Easy Teriyaki Quinoa Bowl

Featured in: Warm Family Dinners

This nourishing bowl combines protein-rich tofu or chicken, baked until golden and crispy, with fluffy quinoa as the base. Fresh spiralized zucchini and carrots add crunch, while sweet mango brings tropical brightness. The homemade gluten-free teriyaki sauce ties everything together with its perfect balance of savory and sweet flavors. Ready in under an hour, this customizable bowl works for weeknight dinners or meal prep.

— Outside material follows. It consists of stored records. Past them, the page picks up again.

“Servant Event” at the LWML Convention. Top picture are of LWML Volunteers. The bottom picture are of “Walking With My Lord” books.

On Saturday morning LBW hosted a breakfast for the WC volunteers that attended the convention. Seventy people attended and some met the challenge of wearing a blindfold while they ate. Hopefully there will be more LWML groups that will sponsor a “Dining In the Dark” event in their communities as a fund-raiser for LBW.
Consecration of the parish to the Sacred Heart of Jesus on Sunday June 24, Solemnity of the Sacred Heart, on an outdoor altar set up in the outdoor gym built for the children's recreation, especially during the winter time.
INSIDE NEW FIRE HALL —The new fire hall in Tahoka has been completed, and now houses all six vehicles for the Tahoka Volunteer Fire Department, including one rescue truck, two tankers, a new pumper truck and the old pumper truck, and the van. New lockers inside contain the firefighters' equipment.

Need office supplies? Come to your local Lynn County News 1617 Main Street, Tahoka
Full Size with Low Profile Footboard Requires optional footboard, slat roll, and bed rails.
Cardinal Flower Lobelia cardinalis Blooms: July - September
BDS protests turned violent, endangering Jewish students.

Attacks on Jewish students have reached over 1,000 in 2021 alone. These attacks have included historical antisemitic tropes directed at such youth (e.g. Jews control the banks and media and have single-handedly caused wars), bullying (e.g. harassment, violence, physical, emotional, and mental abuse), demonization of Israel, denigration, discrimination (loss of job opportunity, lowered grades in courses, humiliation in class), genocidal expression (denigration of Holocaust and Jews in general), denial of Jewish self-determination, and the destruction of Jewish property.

Updated on Tue, 03 Feb 2026 12:06:00 GMT
Crispy golden tofu rests on fluffy quinoa with vibrant spiralized zucchini and carrots, all tossed in a glossy gluten-free teriyaki sauce for an easy teriyaki quinoa bowl. Save
Crispy golden tofu rests on fluffy quinoa with vibrant spiralized zucchini and carrots, all tossed in a glossy gluten-free teriyaki sauce for an easy teriyaki quinoa bowl. | cloverhearth.com

There's something about assembling a teriyaki quinoa bowl that reminds me of those nights when I wanted to eat well but didn't have the energy for complicated cooking. I'd been eyeing spiralizers at the market for months, and when I finally grabbed one, this bowl became my go-to way to use it. The combination of crispy tofu, bright vegetables, and that glossy teriyaki sauce came together faster than I expected, and suddenly I was making it twice a week for lunch prep.

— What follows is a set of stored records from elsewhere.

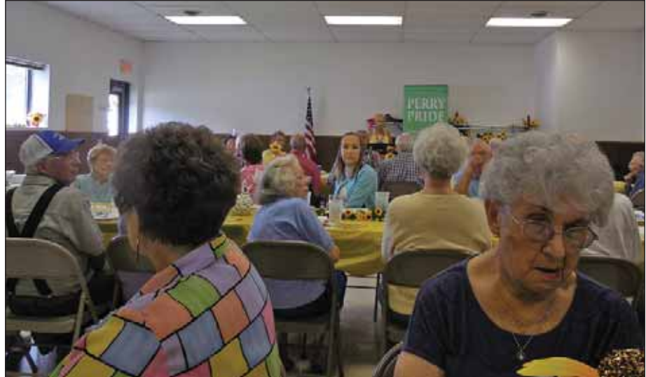
The Perry Senior Citizens’ monthly luncheons usually attract a crowd of 60 happy and hungry people.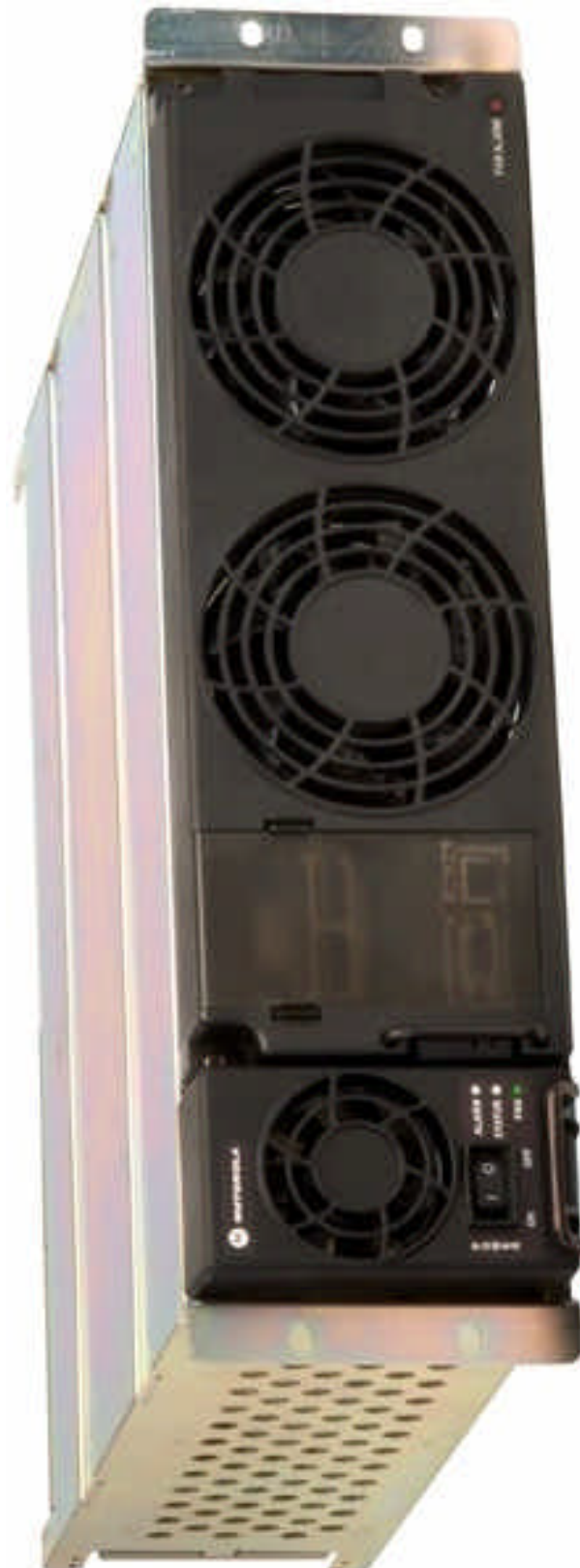
External Front View of Base Radio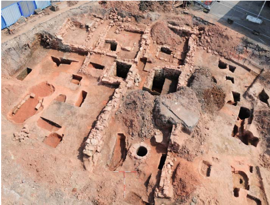
Plate 5: Northern part of site including 14th -15th century buildings and cess pits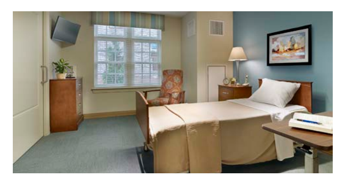
Private Bedroom Suite

You are supported by a highly-trained staff, 24 hours a day, 7 days a week, providing optimal quality of life and social interaction in a supportive home-like atmosphere.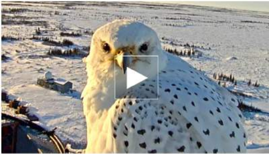
RAW: Rare white falcon caught on camera 0:20

On Tuesday, explore.org , a multimedia organization that documents nature around the globe, posted the video to Facebook. It shows the falcon yawning and subsequently looking straight into the camera. "It's almost like a photo bomb," den Haan said, laughing, adding the camera is set up through explore.org to capture the northern lights.

I made this for my roommate who'd just started eating more plant-based, and watching her face light up when she bit into the crispy tofu felt like I'd cracked some kind of code. She'd been nervous that healthy eating meant bland food, and this bowl completely proved her wrong. Now she requests it on Sundays, and I've started doubling the sauce because apparently that's the part she looks forward to most.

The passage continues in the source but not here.